时间:2022-02-06 00:06:12

I periodically fetch the latest tweets with a certain hashtag and save them locally. In order to prevent saving duplicates, I use the method below. Unfortunately, it does not seem to be working... so what's wrong with this code:


    def remove_duplicates
      before = @tweets.size
      @tweets.delete_if {|tweet| !((Tweet.all :conditions => { :twitter_id => tweet.twitter_id}).empty?) }
      duplicates = before - @tweets.size
      puts "#{duplicates} duplicates found"
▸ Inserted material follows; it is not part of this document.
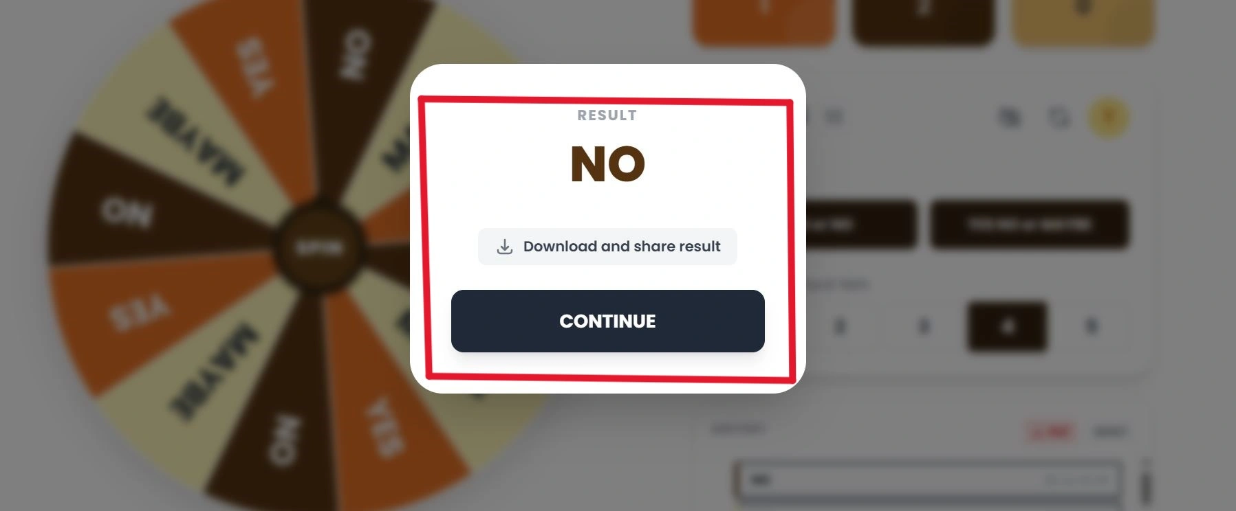 - Result and Sharing: Now you are good to press the Spin Button to see your random, result. The result will popup and you will also have an option to download and share this result in an image form.

Where @tweets is an array of Tweet objects fetched from twitter. I'd appreciate any solution that works and especially one that might be more elegant...


4 个解决方案


you can validate_uniqueness_of :twitter_id in the Tweet model (where this code should be). This will cause duplicates to fail to save.



Since it sounds like you're using the Twitter search API, a better solution is to use the since_id parameter. Keep track of the last twitter status id you got from your previous query and use that as the since_id parameter on your next query.


More information is available at Twitter Search API Method: search

有关更多信息,请访问Twitter Search API方法:搜索



Removes duplicate elements from self. Returns nil if no changes are made (that is, no duplicates are found).



Ok, turns out the problem was a bit of different nature: When looking closer into it, I found out that multipe Tweets were saved with the twitter_id 2147483647... This is the upper limit for integer fields :)

好吧,事实证明这个问题有点不同:当仔细观察它时,我发现多重推文是用twitter_id 2147483647保存的......这是整数字段的上限:)

Changing the field to bigint solved the problem. It took me very long to figure out since MySQL did silently fail and just reverted to the maximum value as long as it could. (until I added the unique index). I quickly tried it out with postgres, which returned a nice "Integer out of range" error, which then pointed me to the real cause of the problem here.

将字段更改为bigint解决了这个问题。我花了很长时间才弄清楚,因为MySQL确实无声地失败了,只要可能就恢复到最大值。 (直到我添加了唯一索引)。我很快用postgres尝试了它,它返回了一个很好的“整数超出范围”错误,然后指出了问题的真正原因。

Thanks Ben for the validation and indexing tips, as they lead to much cleaner code now!



you can validate_uniqueness_of :twitter_id in the Tweet model (where this code should be). This will cause duplicates to fail to save.



Since it sounds like you're using the Twitter search API, a better solution is to use the since_id parameter. Keep track of the last twitter status id you got from your previous query and use that as the since_id parameter on your next query.


More information is available at Twitter Search API Method: search

有关更多信息,请访问Twitter Search API方法:搜索



Removes duplicate elements from self. Returns nil if no changes are made (that is, no duplicates are found).



Ok, turns out the problem was a bit of different nature: When looking closer into it, I found out that multipe Tweets were saved with the twitter_id 2147483647... This is the upper limit for integer fields :)

好吧,事实证明这个问题有点不同:当仔细观察它时,我发现多重推文是用twitter_id 2147483647保存的......这是整数字段的上限:)

Changing the field to bigint solved the problem. It took me very long to figure out since MySQL did silently fail and just reverted to the maximum value as long as it could. (until I added the unique index). I quickly tried it out with postgres, which returned a nice "Integer out of range" error, which then pointed me to the real cause of the problem here.

将字段更改为bigint解决了这个问题。我花了很长时间才弄清楚,因为MySQL确实无声地失败了,只要可能就恢复到最大值。 (直到我添加了唯一索引)。我很快用postgres尝试了它,它返回了一个很好的“整数超出范围”错误,然后指出了问题的真正原因。

Thanks Ben for the validation and indexing tips, as they lead to much cleaner code now!